▶ [WORK TO COMPLETE] The records must be retyped exactly, with no pictures included.

[Excerpts from a dataset]
*** Block opens ***

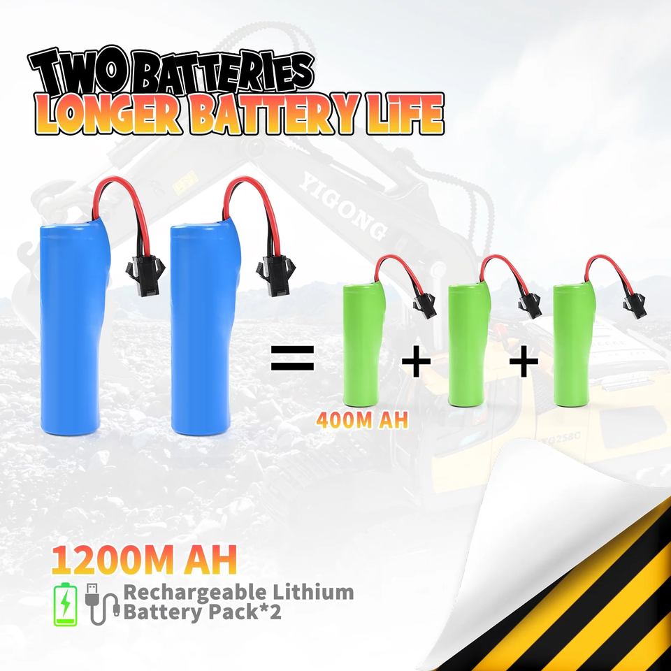 ?2 Bigger Capacity Batteries? Upgrade 1200mAh large battery has as much energy as your lively kids. Giving the remote control excavator the battery installation requires screws to twist open the battery cover in the installation on.or more room to play. Give your child unlimited construction enjoyment. ?Multi-channel joystick will?The toy excavator can be flexibly manipulated for digging, handling, lifting, etc.. Channels can be operated individually or together. Mechanical sounds and flexible mechanical arms are highly featured, which are controlled by real, easy-to-use joysticks. Auto demonstration also help kids better operate. ? 1:20 high simulation Multi-functional remote control excavator?The core components of the excavator are made of metal, giving a heavy and high-quality feel. The vehicle?s overall design is exquisite, highly realistic, and has collectible value. Good quality with alloy bucket, powerful motor, 2.4Ghz multi-channel controller, light and sound. More durable. Even if multiple people play together, they will not interfere with each other. ?Mighty Alloy Bucket?Performs well on real digging and lifting a shovel full. Can coordinate with the unique and realistic cab swiveling within 680 degrees, not limited by any direction. And the excavator moving forward/backward/turn left/turn right. ?Solid Outdoor Play Gifts?This exquisite remote control excavator is suitable for 3 years old holiday gifts, Withstand rough playing on sand, dirt, gravel and other terrains. Well made tracks won't come off or get stuck by sand. Your kids will be thrilled to receive it on their birthday, Thanksgiving, Christmas/X-mas. ?Add to Construction Fleets?Combine with our construction vehicles to enjoy building on the beach/sandbox with friends or family. Links to Dump Truck of the same series:
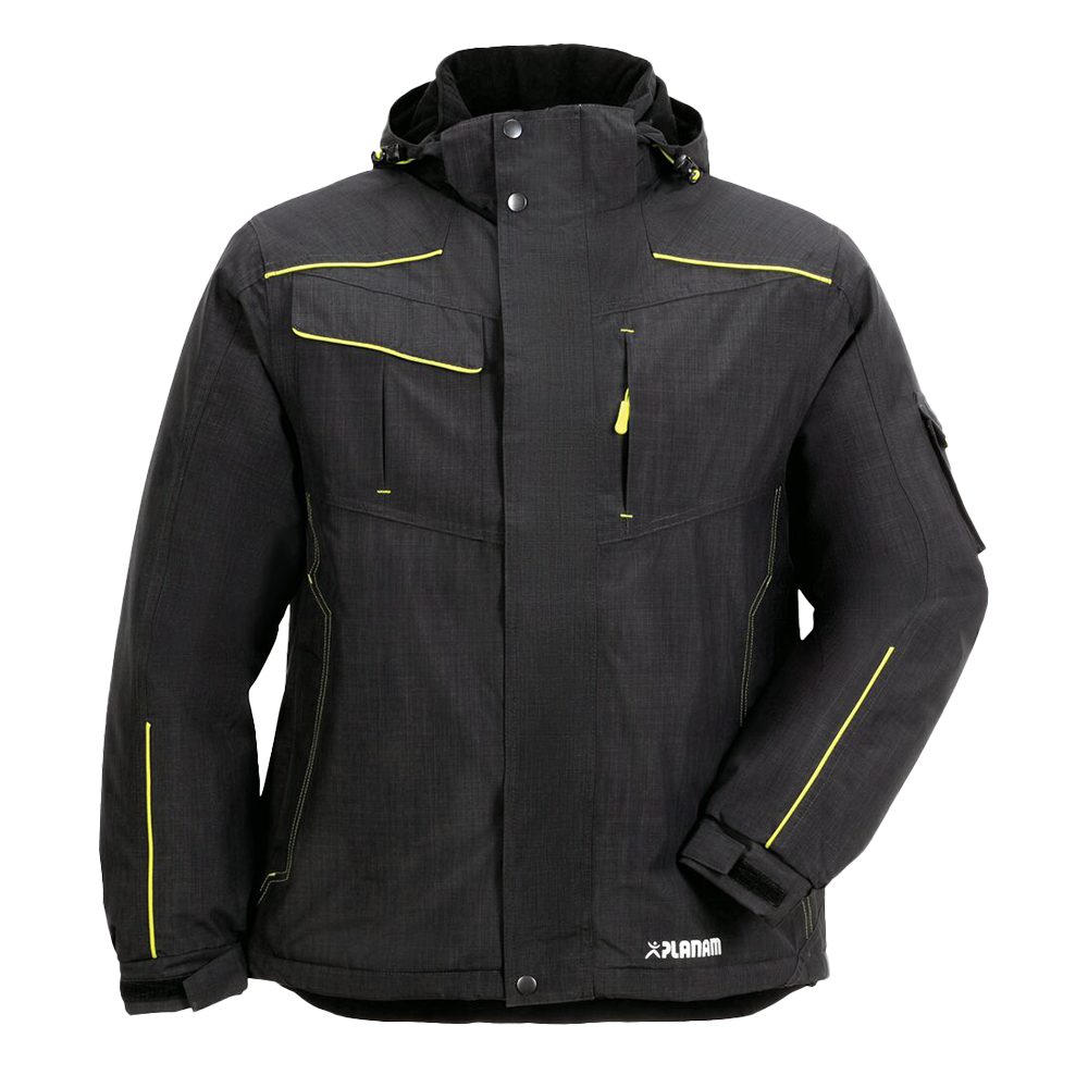 Atmungsaktiv · wasserdicht · winddicht · Nähte hinterklebt · 2 seitliche Einschubtaschen mit Reißverschluss · 1 Brusttasche links mit Reißverschluss · 1 Brusttasche rechts mit Patte und Klettverschluss · Innentasche links mit Klettverschluss · Frontreißverschluss am Kinn hinterlegt · verstellbarer Kordelzug im Bund · Handytasche auf dem linken Ärmel · verstellbare Ärmelbündchen · abnehmbare Kapuze mit Einstellmöglichkeiten · Applikationen in Neon-Farben
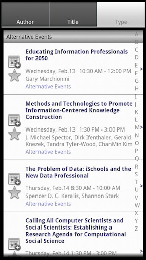 The mobile version of Conference Navigator for iConference 2013, (http://www.iconference.ischools.org/iConference13/2013index/). The app allows to view conference schedule, presented papers, workshops, tutorials, and keynotes. You can mark and schedule papers you liked and interested to attend and the system will recommend more. The schedule is being synchronized with the Web version of the Conference Navigator (http://halley.exp.sis.pitt.edu/cn3/legacy.php?conferenceID=98).
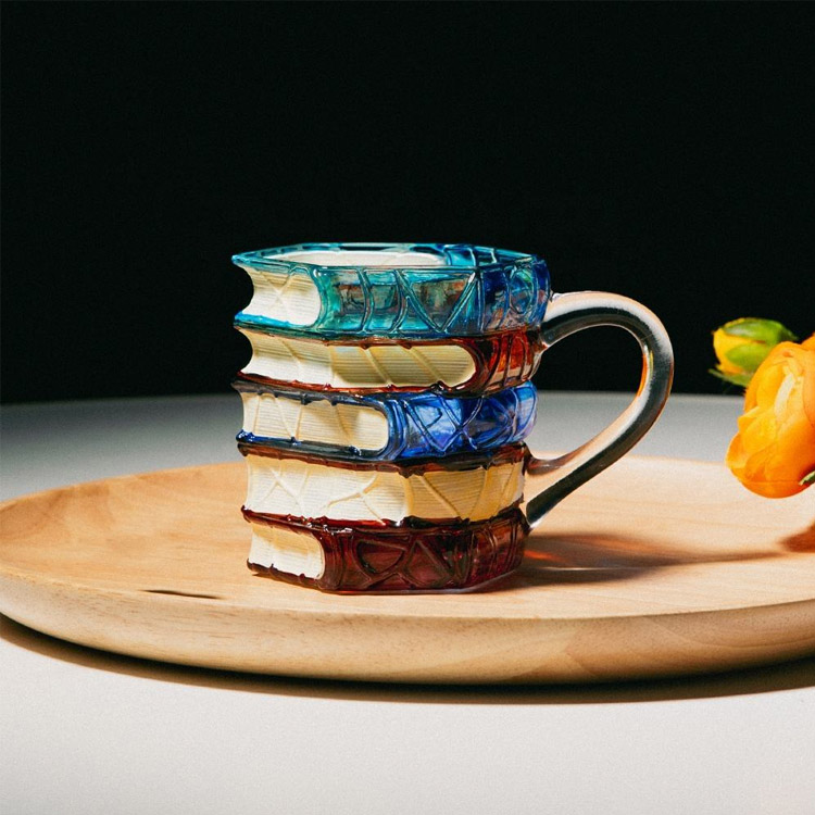 Handbemalte Kaffeetasse aus Glas. 3D-gemalte Buch-Kaffeetasse
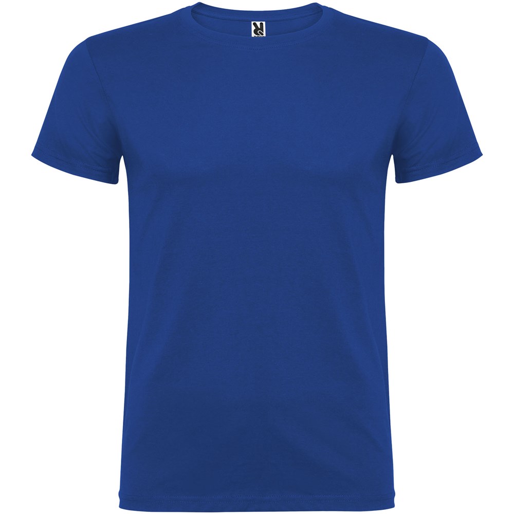 Kurzärmeliges T-Shirt mit doppellagigem Rundhalsausschnitt aus Elasthan, hergestellt aus schlauchförmigem Material für Erwachsene. Verstärkte und verdeckte Nähte am Kragen. Herausnehmbares Etikett. Das Modell ist 190 cm groß und trägt Größe L.

*** Block closes ***

▶ [ANSWER BOX]
 ?2 Bigger Capacity Batteries? Upgrade 1200mAh large battery has as much energy as your lively kids. Giving the remote control excavator the battery installation requires screws to twist open the battery cover in the installation on.or more room to play. Give your child unlimited construction enjoyment. ?Multi-channel joystick will?The toy excavator can be flexibly manipulated for digging, handling, lifting, etc.. Channels can be operated individually or together. Mechanical sounds and flexible mechanical arms are highly featured, which are controlled by real, easy-to-use joysticks. Auto demonstration also help kids better operate. ? 1:20 high simulation Multi-functional remote control excavator?The core components of the excavator are made of metal, giving a heavy and high-quality feel. The vehicle?s overall design is exquisite, highly realistic, and has collectible value. Good quality with alloy bucket, powerful motor, 2.4Ghz multi-channel controller, light and sound. More durable. Even if multiple people play together, they will not interfere with each other. ?Mighty Alloy Bucket?Performs well on real digging and lifting a shovel full. Can coordinate with the unique and realistic cab swiveling within 680 degrees, not limited by any direction. And the excavator moving forward/backward/turn left/turn right. ?Solid Outdoor Play Gifts?This exquisite remote control excavator is suitable for 3 years old holiday gifts, Withstand rough playing on sand, dirt, gravel and other terrains. Well made tracks won't come off or get stuck by sand. Your kids will be thrilled to receive it on their birthday, Thanksgiving, Christmas/X-mas. ?Add to Construction Fleets?Combine with our construction vehicles to enjoy building on the beach/sandbox with friends or family. Links to Dump Truck of the same series:
 Atmungsaktiv · wasserdicht · winddicht · Nähte hinterklebt · 2 seitliche Einschubtaschen mit Reißverschluss · 1 Brusttasche links mit Reißverschluss · 1 Brusttasche rechts mit Patte und Klettverschluss · Innentasche links mit Klettverschluss · Frontreißverschluss am Kinn hinterlegt · verstellbarer Kordelzug im Bund · Handytasche auf dem linken Ärmel · verstellbare Ärmelbündchen · abnehmbare Kapuze mit Einstellmöglichkeiten · Applikationen in Neon-Farben
 The mobile version of Conference Navigator for iConference 2013, (http://www.iconference.ischools.org/iConference13/2013index/). The app allows to view conference schedule, presented papers, workshops, tutorials, and keynotes. You can mark and schedule papers you liked and interested to attend and the system will recommend more. The schedule is being synchronized with the Web version of the Conference Navigator (http://halley.exp.sis.pitt.edu/cn3/legacy.php?conferenceID=98).
 Handbemalte Kaffeetasse aus Glas. 3D-gemalte Buch-Kaffeetasse
 Kurzärmeliges T-Shirt mit doppellagigem Rundhalsausschnitt aus Elasthan, hergestellt aus schlauchförmigem Material für Erwachsene. Verstärkte und verdeckte Nähte am Kragen. Herausnehmbares Etikett. Das Modell ist 190 cm groß und trägt Größe L.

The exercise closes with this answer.